One big difference between that professional context and an academic context (including many educational settings) is the role and presence – or lack thereof – of a client. Concept selection seems like a particularly good example of this. In a professional setting, you would present your concepts and your evaluation of them, together with a recommendation on which to proceed with, to your client(s). You would give them the final say or ‘OK’ on that decision, or at least come to a consensus. And because that decision is taken together, at a specific moment in time, in a specific project context, it matters less whether that set of concepts has a particular logic to it.
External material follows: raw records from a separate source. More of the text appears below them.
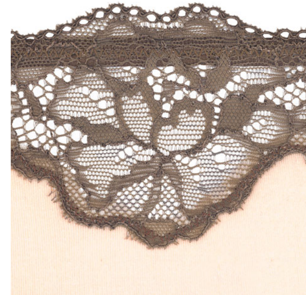
(13)(14) Nude Cotton Modal With Lace : 63% Modal 28% Polyamide 9% Elastane
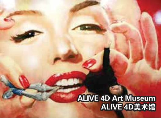
ALIVE 4D Art Museum ALIVE 4D美术馆
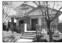
676 Everett Avenue
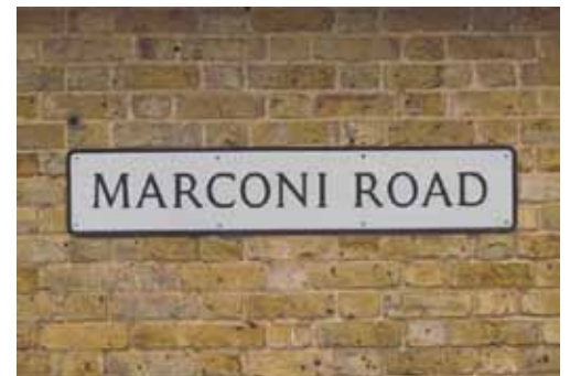
Scenes from around Chelmsford
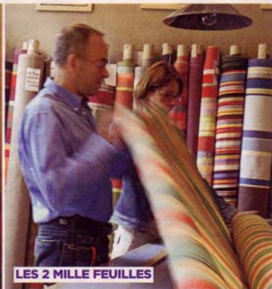
LES 2 MILLE FEUILLES
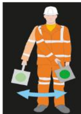
Slowly move towards the machine controller
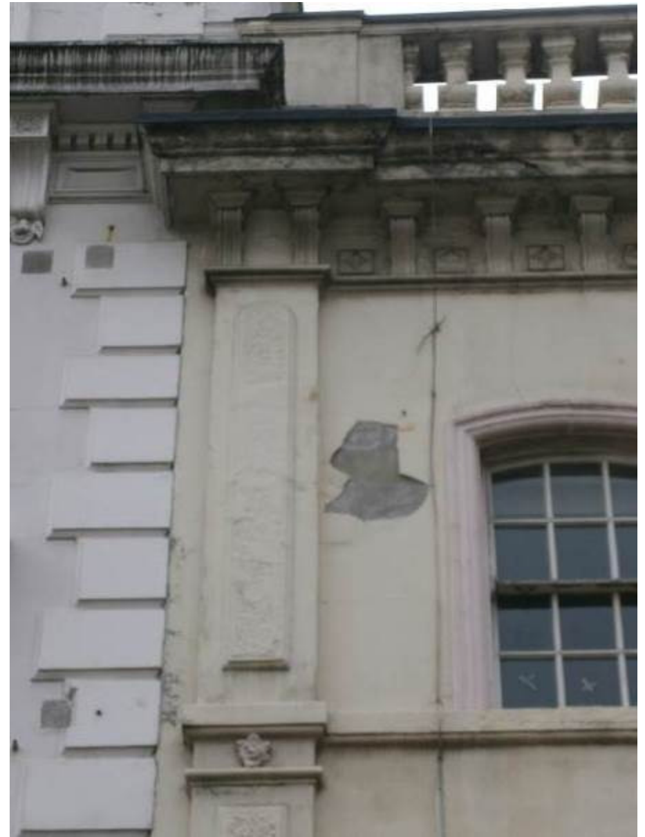
Front Elevation – Second Floor left hand side – flaking decoration & cement render
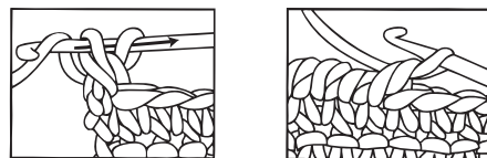
Reverse sc diagram

18th rnd: Ch 1. Working from left to right instead of from right to left as usual , work 1 reverse sc in each sc around. Join with sl st to first sc. Fasten off.
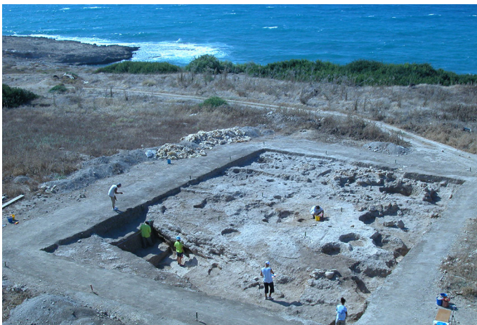
Fig. 5 Overview of excavations in progress at the EAN coastal site of Akanthou Arkosyko . From Şevketoğlu 2006:129, Fig. 1. Courtesy of Müge Şevketoğlu and the Akanthou Rescue Excavation Project

Moutsiou's study demonstrates the long-term use of obsidian on the island, a period of some 3000 years (ca. 8500–5200 Cal BC), although the actual end date of the LAN remains uncertain (Knapp 2013:187–192; Manning 2013:504–507). The most striking feature of her study, however, is the tenfold decline in obsidian use by the LAN (from about 4500 pieces in the EAN to 57 pieces in the LAN). By the following, Ceramic Neolithic period, most sites have only one or two pieces. The Anatolian origin of the obsidian found on Aceramic Neolithic Cyprus, and in particular the technology involved (primarily blades and bladelets with little evidence of core debris), suggest that obsidian was transported as a finished product in maritime exchange networks that possibly terminated at north coast sites such as Arkosyko or Phlamoudhi Pygadoullia ; Şevketoğlu and Hanson (2015:227) observed that such sites may have served as 'gateways' from which obsidian was distributed to other, contemporary sites on Cyprus (Fig. 5). Finally, as Moutsiou (2018:242) observes, long-distance and especially seaborne travel during the Aceramic Neolithic required substantial planning and was a risky, time-consuming endeavour whose benefits had to outweigh the costs. In her view, the presence of obsidian
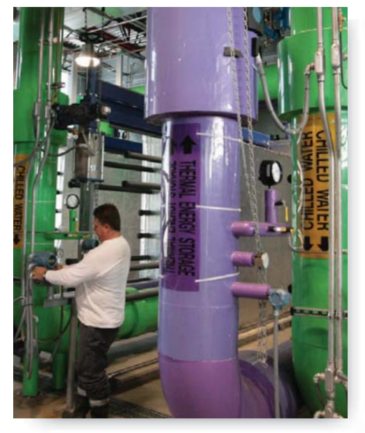
The chilled water plant and its 2.6 million gallon storage tank enables the University to purchase electricity at a lower cost to operate chillers during non-peak evening hours and store the chilled water for use during the day for air conditioning campus buildings and cooling specialized laboratory equipment.
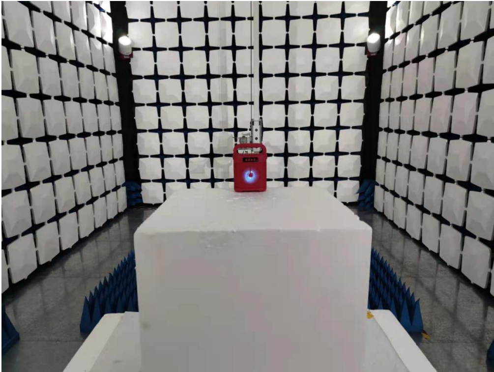
Below 1GHz for radiated emission test setup
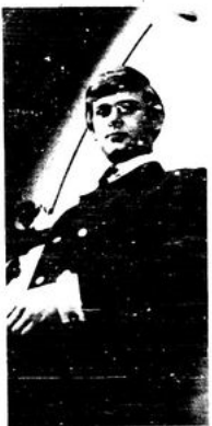
* A girl I used to know called me a snob . . .
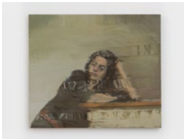
p. 55 Abstract Thoughts II 2022
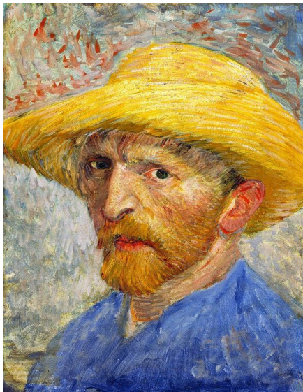
Self Portrait with Straw Hat, Vincent Van Gogh, 1887
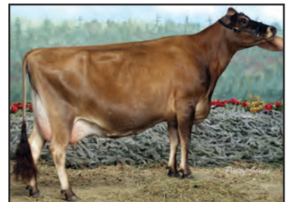
WAYMAR RENAISSANCE NADINE Sister to the Grandam of Lot 5
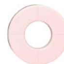
small cutting die
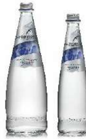
WATER SPARKLING MINERAL GLASS 12 x 750ml BEN11
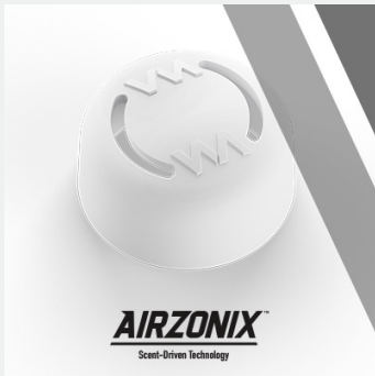
See options on VM Website
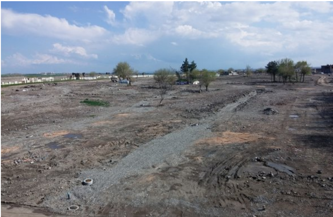
Photo 19: Inside the walled old city, erased and turned into a flatland; April 19, 2017
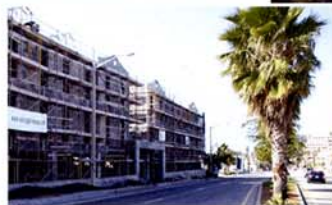
New Fruitville Road Offices

3 Just West are sophisticated, new office buildings. Located East of Coconut Avenue on the South side of Fruitville, the two-story office project features 30,000 sq. ft. and is scheduled to open for business early this year.
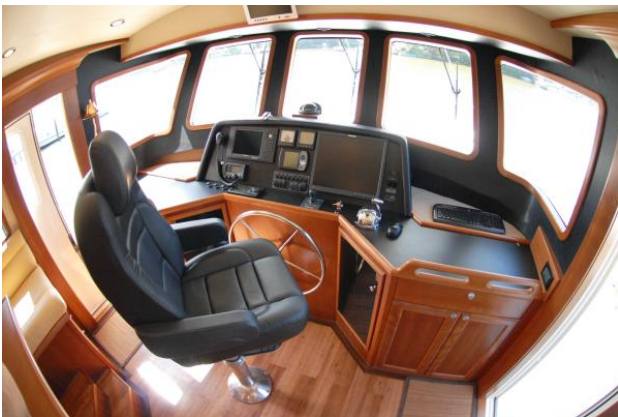
Lower steering/pilot house

In an academic context, however, if you present concepts and a comparison at all, you present them only at the end of the project, together with the – further developed – final design. You write it all up in a single (peer-reviewed) paper. In that context, where you’ve selected a concept yourself and already further developed a design based on one, the concept comparison and ‘selection’ is no longer a forward-looking strategic proposal but a component in the justification/support for your final design. Rhetorically and epistemologically, it’s doing (can do) something quite different.

What makes for a good set of concepts?

First of all, what is the aim?

Here, I consider concepts as a means of exploration and – as a set – as the basis for arguing why the final design embodies/is based on the concept that is does/is.

What if we take the game SET as an analogy for how your concepts should differ.

When ONE aspect varies, you have something that looks like a controlled experiment. You’re changing one variable and seeing how that impacts the design’s properties and performance. Of course, when ‘one’ aspect is different, many more aspects will also be different. The world (and thus, physical artefacts) are infinitely complex.

When MORE THAN ONE aspect is varied, you either have to do the full combinatorics or find some way in which different choices in those aspects hang together (in effect, going back to the situation where only ONE overarching aspect is varied). Or, if there are no significant interaction effects between the aspects (sub-functions, domains, components) then it’s better to decouple them and decide per aspect which is preferable.

What of the case of the get-up-chair combined with two knee orthoses? What when you have A/X, A/Y, and B/Z? Could that make sense? Yes, I think so. In this case, there is a ‘wildcard’ concept. This could be a sound strategy in cases where there seems to be an obvious best option for one or a set of aspects (in this case: a powered knee orthosis). The function of the wildcard concept, then, is to check/justify that assumption. Trying to find the wildcard by asking ‘What do my two ideas have in common?’ can be a way to discover hidden or unconscious assumptions (and thus also, to find ‘more creative’ options). The emergency Covid ventilators also fall in this category, with only one departing from ‘modern, digital control system’.